Results and discussion
The typical sample (sample 1) was synthesized by using CaCl2, NaH2PO4, and potassium sodium tartrate via a hydrothermal method at 200°C for 24 hours. The morphology of the sample was investigated with FE-SEM. Figure 1A shows HA with flower-like morphology assembled from nanosheets. Figure 1B shows a unit of typical flower-like morphology. Figure 1C shows that the nanosheets are assembled from substructured nanorods as the basic unit. Figure 1D displays an individual nanosheet. The nanorods have diameters of 25–50 nm and lengths of about several micrometers. This is the first report on the synthesis of hierarchically nanostructured HA with flower-like morphology assembled from nanosheets consisting of nanorod units.
Figure 1.
Field emission scanning electron microscopy images of hierarchically nanostructured hydroxyapatite (sample 1).

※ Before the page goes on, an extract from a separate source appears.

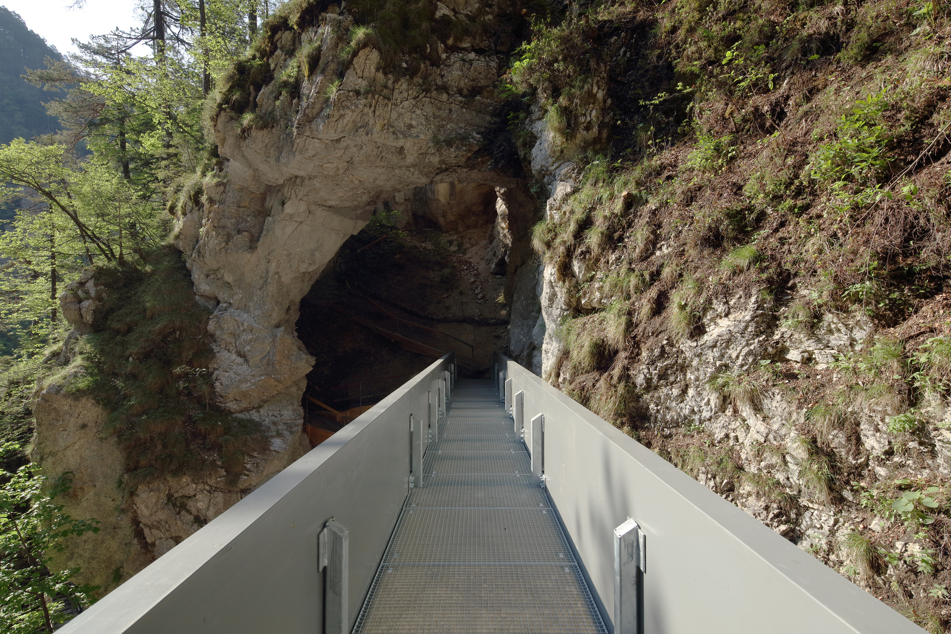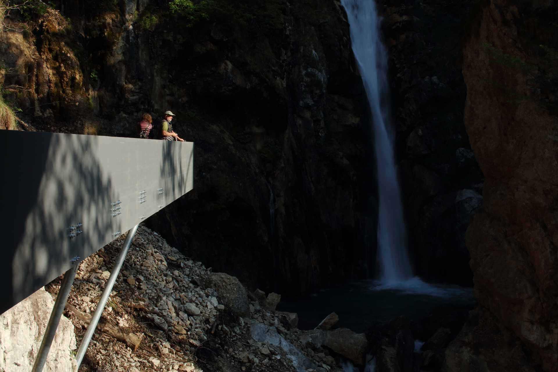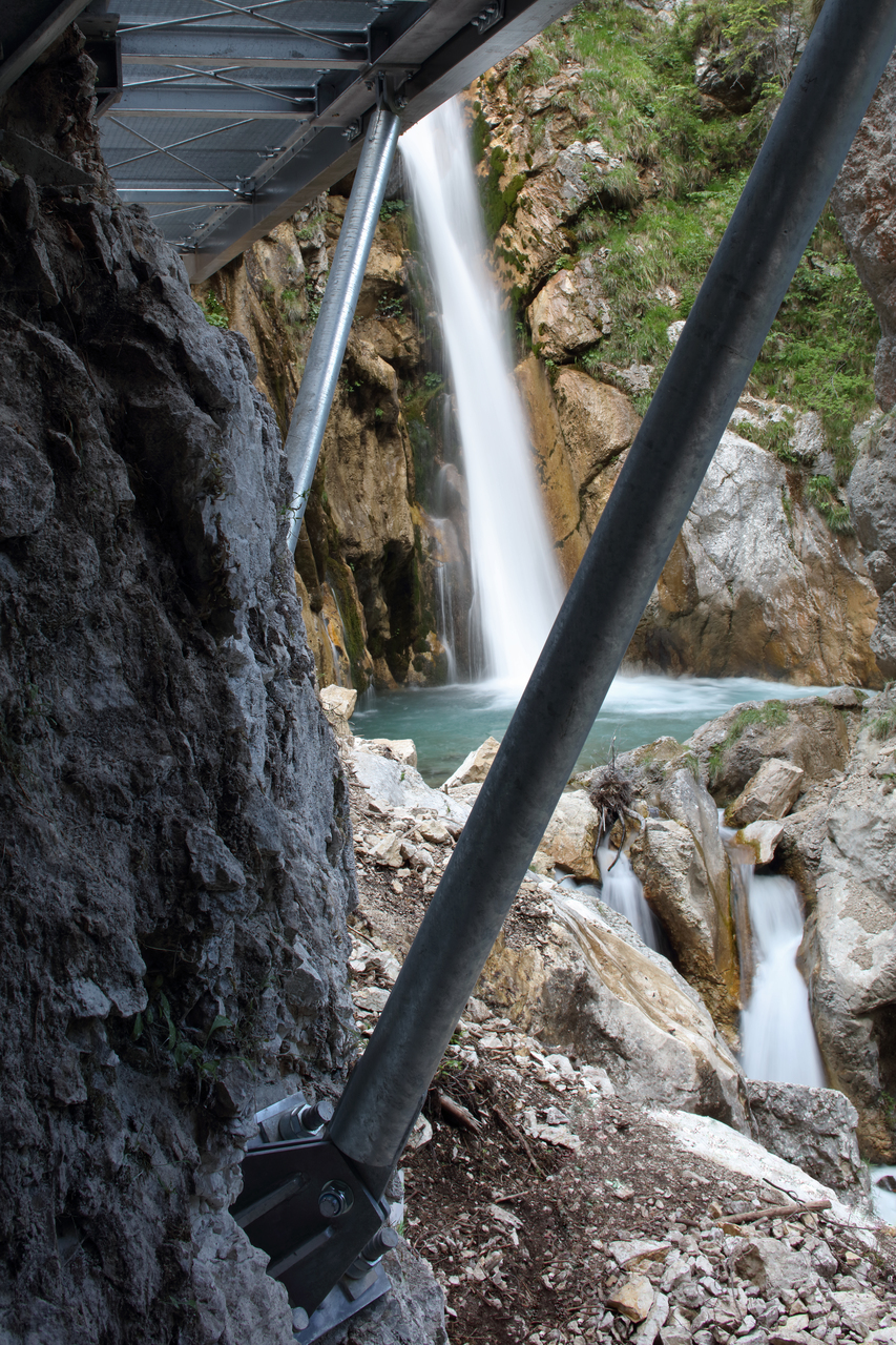 Der neue 18 Meter lange Steg, der in seiner Mitte am Felsen auflagert, kragt zweiseitig aus. Unter dem Felsentor berührt er beinahe das Gelände. Mit diesem Einstieg beginnt der leicht ansteigende Steg und endet, meterhoch über dem unwegsamen Geröll, schwebend an einem Punkt mit perfektem Blick in das Becken des Wasserfalles. (Text: Architekten)

The morphology and microstructure of the sample were further investigated by TEM, SAED, and HR-TEM. Figure 2A and B show TEM images of the hierarchically nanostructured HA, from which one can see the nanosheets with relatively uniform size. Figure 2C displays the edges of the nanosheets built up by nanorods. An individual nanorod with smooth surface is shown in Figure 2D, the inset of which shows the corresponding SAED pattern, indicating the single crystalline structure of the basic nanorod unit. Figure 2E shows the corresponding HR-TEM image of HA nanorod. The periodic fringe spacing of 3.43 Å corresponds to the d-spacing of (002) plane of the hexagonal HA. As seen in Figure 2F, the surface of the nanorod became rough after exposure to electron beam irradiation. Similar cases of one-dimensional structures changing their morphology under electron beam irradiation have been reported in; for example, PbCrO4 rods,57 Ag6Mo10O33 rods,58 and Bi nanotubes,59 etc.
Figure 2.
TEM images of hierarchically nanostructured hydroxyapatite (sample 1): (A and B) the edges of the flower-like assembly; (C) the edges of the nanosheets; (D) an individual nanorod; (E) the corresponding high-resolution TEM micrograph of (D); and (F) the nanorod after exposure to electron beam irradiation. The inset of (D) shows the corresponding selected area electron diffraction pattern.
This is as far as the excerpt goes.